(Your goal)
Write out the entries below exactly. End with the line that contains "ヘアピンカーブもあった厳しい".

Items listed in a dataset
BEGIN

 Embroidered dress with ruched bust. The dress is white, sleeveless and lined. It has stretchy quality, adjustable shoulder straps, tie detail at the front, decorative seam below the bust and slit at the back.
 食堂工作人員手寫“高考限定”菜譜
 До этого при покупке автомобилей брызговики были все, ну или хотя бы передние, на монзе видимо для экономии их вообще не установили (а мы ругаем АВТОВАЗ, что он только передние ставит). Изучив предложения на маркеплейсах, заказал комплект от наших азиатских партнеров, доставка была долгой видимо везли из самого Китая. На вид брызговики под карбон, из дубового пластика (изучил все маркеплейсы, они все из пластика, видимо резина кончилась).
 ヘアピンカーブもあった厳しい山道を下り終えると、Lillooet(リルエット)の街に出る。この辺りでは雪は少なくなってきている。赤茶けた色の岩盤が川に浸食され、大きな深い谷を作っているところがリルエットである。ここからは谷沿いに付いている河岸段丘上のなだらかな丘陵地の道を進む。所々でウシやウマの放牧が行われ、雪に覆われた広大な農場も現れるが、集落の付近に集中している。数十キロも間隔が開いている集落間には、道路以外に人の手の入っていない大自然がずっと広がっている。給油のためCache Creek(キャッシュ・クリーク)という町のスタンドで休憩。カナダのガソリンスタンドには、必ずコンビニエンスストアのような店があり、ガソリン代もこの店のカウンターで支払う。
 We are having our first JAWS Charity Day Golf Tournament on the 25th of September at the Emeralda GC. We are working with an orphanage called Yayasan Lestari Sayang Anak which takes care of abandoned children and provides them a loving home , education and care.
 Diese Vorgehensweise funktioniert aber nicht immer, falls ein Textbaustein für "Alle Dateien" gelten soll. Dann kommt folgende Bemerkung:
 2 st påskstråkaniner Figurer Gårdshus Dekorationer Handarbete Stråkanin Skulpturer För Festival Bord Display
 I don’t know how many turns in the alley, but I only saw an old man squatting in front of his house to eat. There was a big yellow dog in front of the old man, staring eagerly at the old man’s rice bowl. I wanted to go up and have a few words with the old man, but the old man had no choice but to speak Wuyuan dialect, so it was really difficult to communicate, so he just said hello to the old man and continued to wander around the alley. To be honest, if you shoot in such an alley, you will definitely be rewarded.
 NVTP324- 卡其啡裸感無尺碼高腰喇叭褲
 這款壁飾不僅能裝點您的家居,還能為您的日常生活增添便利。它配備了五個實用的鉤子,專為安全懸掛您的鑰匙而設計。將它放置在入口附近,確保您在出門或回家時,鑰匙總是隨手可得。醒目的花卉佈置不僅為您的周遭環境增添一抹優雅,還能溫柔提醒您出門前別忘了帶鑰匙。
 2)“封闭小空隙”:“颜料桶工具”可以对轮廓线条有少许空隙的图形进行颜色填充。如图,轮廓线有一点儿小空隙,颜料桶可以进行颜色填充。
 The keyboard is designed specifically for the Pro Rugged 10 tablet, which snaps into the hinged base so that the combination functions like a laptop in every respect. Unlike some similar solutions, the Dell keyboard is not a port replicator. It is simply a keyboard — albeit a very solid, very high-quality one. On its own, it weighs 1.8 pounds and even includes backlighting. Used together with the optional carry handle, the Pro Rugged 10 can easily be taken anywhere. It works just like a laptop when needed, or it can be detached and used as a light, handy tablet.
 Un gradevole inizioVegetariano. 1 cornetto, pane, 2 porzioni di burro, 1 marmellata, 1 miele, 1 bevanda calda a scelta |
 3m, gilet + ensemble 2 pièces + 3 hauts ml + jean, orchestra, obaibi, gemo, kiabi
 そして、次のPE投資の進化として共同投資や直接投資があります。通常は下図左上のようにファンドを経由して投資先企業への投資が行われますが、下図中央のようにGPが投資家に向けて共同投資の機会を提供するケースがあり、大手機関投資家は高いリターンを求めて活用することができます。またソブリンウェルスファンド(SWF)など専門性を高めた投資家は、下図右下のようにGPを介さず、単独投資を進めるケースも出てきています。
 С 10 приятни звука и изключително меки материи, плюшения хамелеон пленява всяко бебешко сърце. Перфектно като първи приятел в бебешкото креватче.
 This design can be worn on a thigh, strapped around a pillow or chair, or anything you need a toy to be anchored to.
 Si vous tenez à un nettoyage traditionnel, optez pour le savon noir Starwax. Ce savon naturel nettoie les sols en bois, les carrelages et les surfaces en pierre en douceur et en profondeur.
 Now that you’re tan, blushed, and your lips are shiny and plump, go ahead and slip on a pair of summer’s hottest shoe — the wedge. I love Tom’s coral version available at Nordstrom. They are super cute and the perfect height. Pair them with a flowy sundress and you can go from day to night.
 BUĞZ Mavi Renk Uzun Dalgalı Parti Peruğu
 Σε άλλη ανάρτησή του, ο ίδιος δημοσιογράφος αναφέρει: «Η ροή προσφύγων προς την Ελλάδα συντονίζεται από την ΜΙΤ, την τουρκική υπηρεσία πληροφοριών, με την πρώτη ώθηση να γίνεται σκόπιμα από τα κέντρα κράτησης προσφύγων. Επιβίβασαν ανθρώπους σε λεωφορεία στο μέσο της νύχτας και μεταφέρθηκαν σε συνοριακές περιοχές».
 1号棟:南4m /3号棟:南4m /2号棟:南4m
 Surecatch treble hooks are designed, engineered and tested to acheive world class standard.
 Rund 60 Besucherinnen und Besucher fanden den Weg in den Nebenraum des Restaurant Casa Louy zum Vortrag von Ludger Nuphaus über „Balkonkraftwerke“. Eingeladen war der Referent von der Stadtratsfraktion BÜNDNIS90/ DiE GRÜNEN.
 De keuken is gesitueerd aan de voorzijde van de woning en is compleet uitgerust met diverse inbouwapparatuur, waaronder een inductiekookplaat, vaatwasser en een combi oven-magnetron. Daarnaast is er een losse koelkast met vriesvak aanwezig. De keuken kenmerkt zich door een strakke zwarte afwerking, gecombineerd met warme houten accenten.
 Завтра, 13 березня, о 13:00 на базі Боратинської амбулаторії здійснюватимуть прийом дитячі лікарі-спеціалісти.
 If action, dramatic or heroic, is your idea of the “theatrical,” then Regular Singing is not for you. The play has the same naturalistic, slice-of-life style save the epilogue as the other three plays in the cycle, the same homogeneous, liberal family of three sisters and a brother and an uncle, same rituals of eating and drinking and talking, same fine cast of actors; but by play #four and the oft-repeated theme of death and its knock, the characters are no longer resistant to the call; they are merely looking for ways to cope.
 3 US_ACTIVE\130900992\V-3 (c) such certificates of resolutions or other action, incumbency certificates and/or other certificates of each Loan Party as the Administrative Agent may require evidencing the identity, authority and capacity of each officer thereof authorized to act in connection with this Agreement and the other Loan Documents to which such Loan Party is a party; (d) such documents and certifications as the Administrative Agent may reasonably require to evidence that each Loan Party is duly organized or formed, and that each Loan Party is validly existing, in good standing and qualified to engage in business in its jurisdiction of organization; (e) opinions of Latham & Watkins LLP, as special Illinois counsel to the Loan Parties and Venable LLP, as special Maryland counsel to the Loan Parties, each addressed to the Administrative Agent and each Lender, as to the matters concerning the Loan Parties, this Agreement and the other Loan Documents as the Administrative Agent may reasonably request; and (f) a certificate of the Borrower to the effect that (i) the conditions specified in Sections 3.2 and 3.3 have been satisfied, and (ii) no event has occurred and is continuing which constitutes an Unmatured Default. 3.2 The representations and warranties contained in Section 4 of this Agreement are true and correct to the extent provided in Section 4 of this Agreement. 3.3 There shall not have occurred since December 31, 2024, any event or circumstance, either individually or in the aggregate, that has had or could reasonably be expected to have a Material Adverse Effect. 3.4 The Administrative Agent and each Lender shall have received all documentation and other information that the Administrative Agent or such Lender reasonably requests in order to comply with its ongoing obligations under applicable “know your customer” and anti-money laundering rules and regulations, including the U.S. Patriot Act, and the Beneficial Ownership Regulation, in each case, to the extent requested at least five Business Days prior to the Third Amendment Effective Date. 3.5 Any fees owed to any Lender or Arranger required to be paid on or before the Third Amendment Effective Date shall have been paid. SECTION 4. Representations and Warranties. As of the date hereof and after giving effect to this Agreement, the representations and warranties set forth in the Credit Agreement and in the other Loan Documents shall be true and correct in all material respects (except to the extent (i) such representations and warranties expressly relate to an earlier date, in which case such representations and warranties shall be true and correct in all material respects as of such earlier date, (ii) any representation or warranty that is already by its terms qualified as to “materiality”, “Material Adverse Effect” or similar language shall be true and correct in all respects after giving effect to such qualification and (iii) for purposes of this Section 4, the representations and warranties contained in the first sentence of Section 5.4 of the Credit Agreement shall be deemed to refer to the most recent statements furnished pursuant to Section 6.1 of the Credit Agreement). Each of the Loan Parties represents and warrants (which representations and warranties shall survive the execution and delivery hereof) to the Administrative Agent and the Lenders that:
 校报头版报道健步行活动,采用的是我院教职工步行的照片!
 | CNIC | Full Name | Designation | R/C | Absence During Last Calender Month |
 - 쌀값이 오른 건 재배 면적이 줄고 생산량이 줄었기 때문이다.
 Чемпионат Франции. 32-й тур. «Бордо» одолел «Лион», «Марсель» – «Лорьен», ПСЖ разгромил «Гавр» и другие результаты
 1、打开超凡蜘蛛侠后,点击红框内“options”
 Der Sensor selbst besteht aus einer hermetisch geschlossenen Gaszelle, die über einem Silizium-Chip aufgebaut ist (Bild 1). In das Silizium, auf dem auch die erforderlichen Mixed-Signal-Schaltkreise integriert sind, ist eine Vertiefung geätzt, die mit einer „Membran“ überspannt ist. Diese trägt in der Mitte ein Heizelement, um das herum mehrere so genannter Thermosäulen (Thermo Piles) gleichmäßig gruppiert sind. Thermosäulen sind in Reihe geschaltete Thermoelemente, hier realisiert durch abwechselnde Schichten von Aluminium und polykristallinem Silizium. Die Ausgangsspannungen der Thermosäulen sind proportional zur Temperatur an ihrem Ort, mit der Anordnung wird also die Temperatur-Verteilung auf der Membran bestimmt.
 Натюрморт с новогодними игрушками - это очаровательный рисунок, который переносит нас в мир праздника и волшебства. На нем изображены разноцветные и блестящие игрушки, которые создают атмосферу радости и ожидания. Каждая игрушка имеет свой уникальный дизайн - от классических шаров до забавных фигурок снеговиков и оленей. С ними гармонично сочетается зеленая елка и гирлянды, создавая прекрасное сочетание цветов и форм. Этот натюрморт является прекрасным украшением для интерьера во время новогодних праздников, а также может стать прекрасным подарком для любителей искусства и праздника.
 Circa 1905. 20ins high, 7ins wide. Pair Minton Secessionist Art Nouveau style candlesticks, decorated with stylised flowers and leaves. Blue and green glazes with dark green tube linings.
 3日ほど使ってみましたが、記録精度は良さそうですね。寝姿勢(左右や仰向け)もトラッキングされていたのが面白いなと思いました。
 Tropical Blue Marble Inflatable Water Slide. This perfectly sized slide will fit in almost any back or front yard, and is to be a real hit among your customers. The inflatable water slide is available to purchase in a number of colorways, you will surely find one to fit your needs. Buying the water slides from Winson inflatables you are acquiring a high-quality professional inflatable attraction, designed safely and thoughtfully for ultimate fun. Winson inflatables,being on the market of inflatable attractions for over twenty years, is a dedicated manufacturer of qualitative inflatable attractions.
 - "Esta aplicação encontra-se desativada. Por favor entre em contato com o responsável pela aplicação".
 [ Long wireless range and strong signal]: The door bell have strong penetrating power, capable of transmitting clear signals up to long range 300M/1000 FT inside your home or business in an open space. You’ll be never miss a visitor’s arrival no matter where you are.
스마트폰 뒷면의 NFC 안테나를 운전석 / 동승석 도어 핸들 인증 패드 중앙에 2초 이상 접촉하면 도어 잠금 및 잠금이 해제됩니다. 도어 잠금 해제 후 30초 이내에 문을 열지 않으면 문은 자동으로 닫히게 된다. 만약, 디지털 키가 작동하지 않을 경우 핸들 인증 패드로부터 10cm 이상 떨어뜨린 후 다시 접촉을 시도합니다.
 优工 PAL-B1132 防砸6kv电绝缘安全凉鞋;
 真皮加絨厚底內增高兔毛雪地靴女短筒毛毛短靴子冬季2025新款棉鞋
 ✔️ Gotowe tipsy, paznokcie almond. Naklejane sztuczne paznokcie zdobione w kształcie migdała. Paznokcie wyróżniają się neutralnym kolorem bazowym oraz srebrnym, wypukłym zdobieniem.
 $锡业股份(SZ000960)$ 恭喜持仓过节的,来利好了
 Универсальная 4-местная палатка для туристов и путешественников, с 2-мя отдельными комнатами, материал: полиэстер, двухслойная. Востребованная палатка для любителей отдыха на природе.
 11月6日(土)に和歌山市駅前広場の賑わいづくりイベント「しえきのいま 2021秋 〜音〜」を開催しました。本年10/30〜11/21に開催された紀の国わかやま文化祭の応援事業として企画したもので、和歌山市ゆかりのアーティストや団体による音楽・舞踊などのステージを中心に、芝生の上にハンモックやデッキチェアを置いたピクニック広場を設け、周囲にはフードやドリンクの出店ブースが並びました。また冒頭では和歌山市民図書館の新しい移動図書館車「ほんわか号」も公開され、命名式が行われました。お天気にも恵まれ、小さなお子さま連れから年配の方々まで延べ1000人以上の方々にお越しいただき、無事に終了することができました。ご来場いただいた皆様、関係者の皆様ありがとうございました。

END

(Solved exercise)
 Embroidered dress with ruched bust. The dress is white, sleeveless and lined. It has stretchy quality, adjustable shoulder straps, tie detail at the front, decorative seam below the bust and slit at the back.
 食堂工作人員手寫“高考限定”菜譜
 До этого при покупке автомобилей брызговики были все, ну или хотя бы передние, на монзе видимо для экономии их вообще не установили (а мы ругаем АВТОВАЗ, что он только передние ставит). Изучив предложения на маркеплейсах, заказал комплект от наших азиатских партнеров, доставка была долгой видимо везли из самого Китая. На вид брызговики под карбон, из дубового пластика (изучил все маркеплейсы, они все из пластика, видимо резина кончилась).
 ヘアピンカーブもあった厳しい山道を下り終えると、Lillooet(リルエット)の街に出る。この辺りでは雪は少なくなってきている。赤茶けた色の岩盤が川に浸食され、大きな深い谷を作っているところがリルエットである。ここからは谷沿いに付いている河岸段丘上のなだらかな丘陵地の道を進む。所々でウシやウマの放牧が行われ、雪に覆われた広大な農場も現れるが、集落の付近に集中している。数十キロも間隔が開いている集落間には、道路以外に人の手の入っていない大自然がずっと広がっている。給油のためCache Creek(キャッシュ・クリーク)という町のスタンドで休憩。カナダのガソリンスタンドには、必ずコンビニエンスストアのような店があり、ガソリン代もこの店のカウンターで支払う。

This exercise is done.